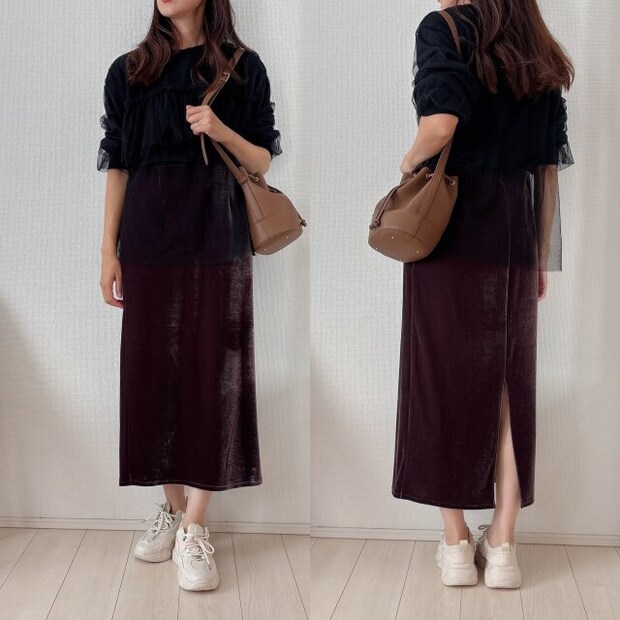 まずはブラックのチュール付きトップスとスニーカーを合わせてカジュアルコーデにしてみました。ブラックを合わせると落ち着いた雰囲気になって秋冬らしいコーデになりました。足元はホワイトのスニーカーで抜け感をプラスしました。
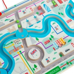 Vyberte sa na dobrodružnú cestu po rušných uliciach Londýna s týmto štýlovým magnetickým bludiskom. Pomocou červeného magnetického pera môžu deti viesť 15 magnetických guličiek bludiskom, zatiaľ čo spoznávajú ikonické pamiatky ako Buckinghamský palác, London Eye a Tower Bridge. Magnetické bludisko deti nielenže zabaví, ale aj pomáha rozvíjať ich schopnosti v riešení problémov.
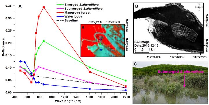 圖1 淹沒互花米草指數(shù)(SAI)建立的基礎(chǔ)。(A) 水面以上的互花米草、淹沒互花米草、紅樹林和水體光譜反射率曲線以及建立SAI的基線;(B)高潮期SAI影像;(C)淹沒互花米草的野外照片。
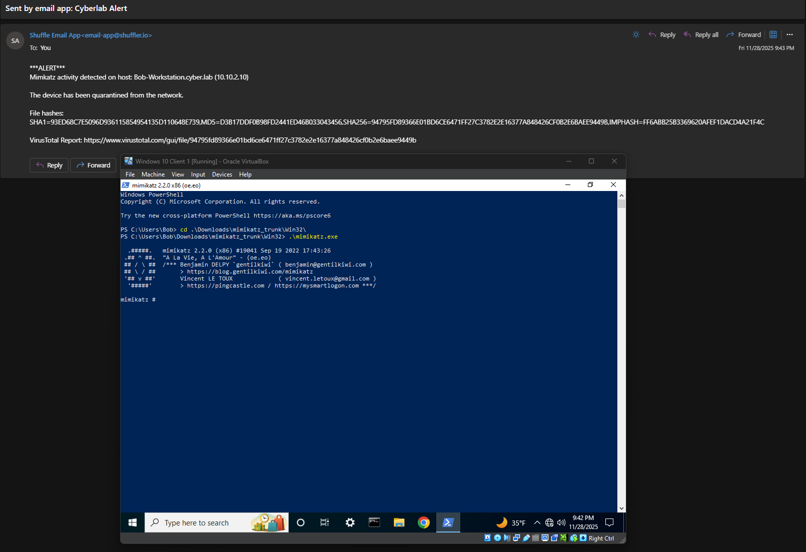 This batch file will automatically be executed when Wazuh receives an alert that Mimikatz was executed on the host.

::::::::

- _WORK REQUEST_
Rewrite the data above exactly as given, but omit the images.

- _TASK RESPONSE_
 まずはブラックのチュール付きトップスとスニーカーを合わせてカジュアルコーデにしてみました。ブラックを合わせると落ち着いた雰囲気になって秋冬らしいコーデになりました。足元はホワイトのスニーカーで抜け感をプラスしました。
 Vyberte sa na dobrodružnú cestu po rušných uliciach Londýna s týmto štýlovým magnetickým bludiskom. Pomocou červeného magnetického pera môžu deti viesť 15 magnetických guličiek bludiskom, zatiaľ čo spoznávajú ikonické pamiatky ako Buckinghamský palác, London Eye a Tower Bridge. Magnetické bludisko deti nielenže zabaví, ale aj pomáha rozvíjať ich schopnosti v riešení problémov.
 圖1 淹沒互花米草指數(shù)(SAI)建立的基礎(chǔ)。(A) 水面以上的互花米草、淹沒互花米草、紅樹林和水體光譜反射率曲線以及建立SAI的基線;(B)高潮期SAI影像;(C)淹沒互花米草的野外照片。
 This batch file will automatically be executed when Wazuh receives an alert that Mimikatz was executed on the host.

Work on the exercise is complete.